Another question is asked in the storm. Why are you afraid? Do you still have not faith? Like the first question, this one is unanswered too. For a long time I used to view this question as an angry accusation against Jesus’ followers. But the more I read this the more I get the impression this is a question of surprise from Jesus. He’s confronted demons, he has confronted illness, he has confronted leaders—and yet they still seem to have no clue about his power or identity. Jesus is stumped—he’s asking: Haven’t you been paying attention?

And so Jesus asks you a question in your storm. Do you trust me? Do you have faith? It is so easy not to believe isn’t it? It is so easy to lose hope—to think he doesn’t care and he won’t respond, he won’t strengthen our faith, he won’t help us endure, he won’t bring meaning out of the struggle. But Jesus points to all of the times we have witnessed his faithfulness. He points to the experiences of the church and the people of God from the beginning of time until now and he says: I have always been faithful. Don’t you trust me? Notice, though—this isn’t condemnation. Peter and the others aren’t kicked out of the group because of their fear. Jesus is faithful even when we doubt.

The final question is one of amazement and fear. Who is this? Even the winds and the waves obey him! The question is almost rhetorical to the disciples. They are Jewish men who memorized the book of Psalms. They know their song book. Psalms like 107- He stills the storm to a whisper, the waves of the sea were hushed…and Psalm 85 - O Yahweh God Almighty, who is like you? You are mighty, O Yahweh, and your faithfulness surrounds you. You rule over the surging sea; when its waves mount up, you still them. It’s rhetorical in that only Yahweh God is the one who stills the sea! It is frightening because of the implication to these men. Yahweh is in the boat!

The story tells those first century readers Jesus is in control. He is God and as God he is worthy of worship and wonder. As we face our own storms have we come to understand just who this is we are following? Do we really the grasp the meaning of his name: Immanuel? And when the storm finally dies down and we’re left picking up the pieces—will we remember to acknowledge this Jesus?

These questions weren’t answered in the story—but they were answered, too. The very presence of Jesus in the boat says: He cares. The book of Revelation depicts Jesus walking through the lampstands which are symbolic of his people. The message is clear—Jesus walks among us. He is with us. Jesus don’t you care? Yes, yes, yes. He is right with us. Who is this? No need to even ask: He is God—he is the Lord even of the uncontrollable forces that haunt our days.
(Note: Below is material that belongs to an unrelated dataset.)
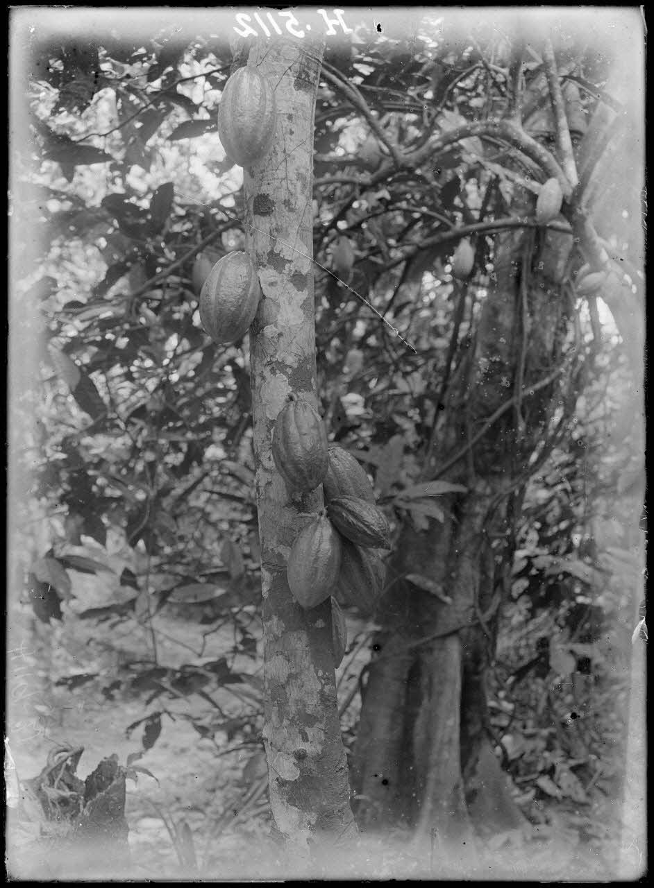 Bipindi, plantation Zenker. Fruits du cacaoyer "Criola rouge". [légende d'origine]

Only one question remains: Do you have faith? People are funny. The same event can drive some people away from God while others are driven right into his arms. What will it be for you?
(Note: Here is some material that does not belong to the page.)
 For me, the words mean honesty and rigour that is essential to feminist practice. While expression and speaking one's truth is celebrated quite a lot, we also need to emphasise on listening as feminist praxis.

The storm has hit, what do I do now? First, acknowledge your fear to God. It’s real and he knows it. Cry out to him for help, but when you do recognize you need to trust him for the results—even when the storm is at its worst. Recognize he hasn’t left you alone in the storm. He is in the boat with you. Finally, learn this story and reflect on it—especially in the middle of your storm.

May you recognize Jesus is in the boat with you. May you realize just who is really on your side—who is really with you. May you cry to him and hang on to him. And may he enable you to weather even the perfect storm.